HAK EDİLMİŞ BİR ÖDÜL
Yaşlı dünyamız yorgun... Kaynakları hızla artan dünya nüfusuna artık yetemiyor. Temiz havamız, içilebilecek suyumuz, yenilebilecek gıdamız azalıyor. Bir de bu duruma gelir dağılımındaki adaletsizlik, yoksulluk ve savaşlar eklenince dünya üzerinde açlık çeken insanların sayısı da katlanıyor. Tam da bu nedenlerle Dünya Gıda Programı’nın (WFP) 2020 yılı Nobel Barış Ödülü ile onurlandırılması asla bir tesadüf değil...

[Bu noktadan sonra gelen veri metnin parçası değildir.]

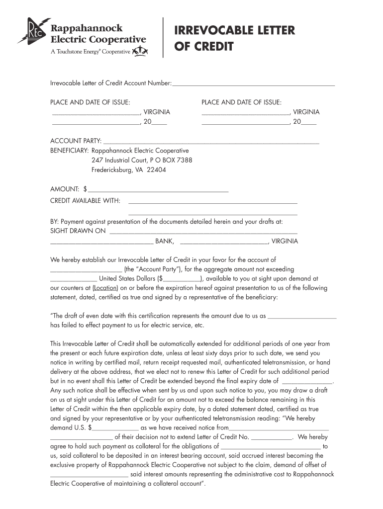 Get the free Irrevocable letter of credit - Rappahannock Electric Cooperative
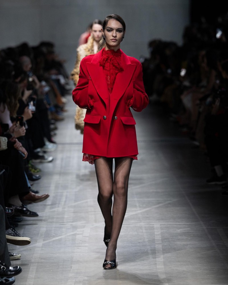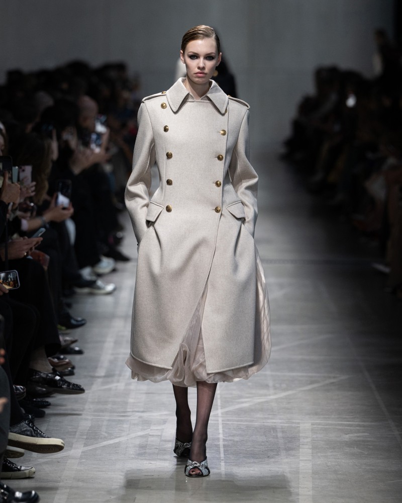 ERMANNO SCERVINO从不推崇制服——而是从内与之融为一体,以裁剪高定礼服般的缜密心思,去改造它,颠覆它。骑装外套与斗篷塑造精准而内敛的廓形;缀满水晶的欧根纱与金色镂空花边,从裙摆悄然逸出;被数百道骨架撑起的裙摆骤然绽放,呈现出惊喜视觉。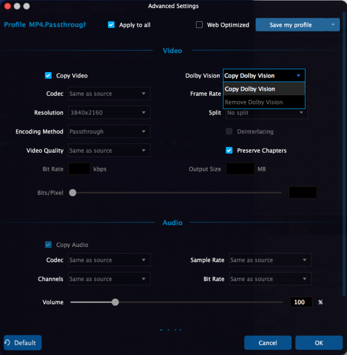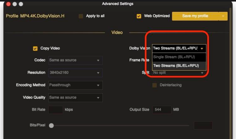 Luckily , I can afterwards select "copy video" and still choose Dolby Vision Single Stream.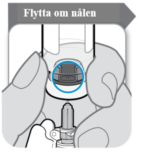 Sprutlocket måste tas av från den förfyllda sprutan innan den medföljande nålen med skydd sätts fast.

Bu ödül, görmezden gelinen açlık gibi çok önemli bir gerçeğin tüm dünyaya haykırılması. Dünya Gıda Programı, açlıkla mücadele eden ve gıda güvenliğini teşvik eden dünyanın en büyük insani yardım kuruluşu... WFP, sadece 2019’da 88 ülkede gıda güvensizliği ve açlığa maruz bırakılan 100 milyona yakın insana yardım sağladı.
Ayrıca pandemi karşısında çabalarını yoğunlaştırma konusunda etkileyici bir çaba ve güç göstererek Nobel gibi önemli bir ödülü tabiri caiz ise bileğinin hakkıyla aldı. Bizlere de tarımda ve gıdada sürdürülebilirliğin önemini bir kez daha hatırlattı.
‘ŞOFÖR BEY’ TARİH OLUYOR
Teknoloji gelişiyor, dünya değişiyor. Bu durum bazı meslekler için yok olma tehlikesini de beraberinde getiriyor. Mesela şoförlük...Uzunca bir süredir teknoloji ve otomobil şirketleri tarafından testleri gerçekleştirilen sürücüsüz otomobiller alanında önemli bir gelişme yaşandı. Google bünyesindeki otonom araç şirketi Waymo, sürücüsüz araçları ile taşımacılığa başladığını resmen duyurdu.
Şirketten yapılan açıklamada, ilk olarak ABD’nin Phoenix kentinde başlayacak hizmetin 80 kilometrekarelik bir alanı kapsayacağı bildirildi. Bizim gibi teknolojiyi üretme konusunda sıkıntı yaşasa da hızlı satın alıp kolay benimsemesiyle nam salan ülkelerin bu dönüşüme uzun süre kayıtsız kalacağını sanmıyorum.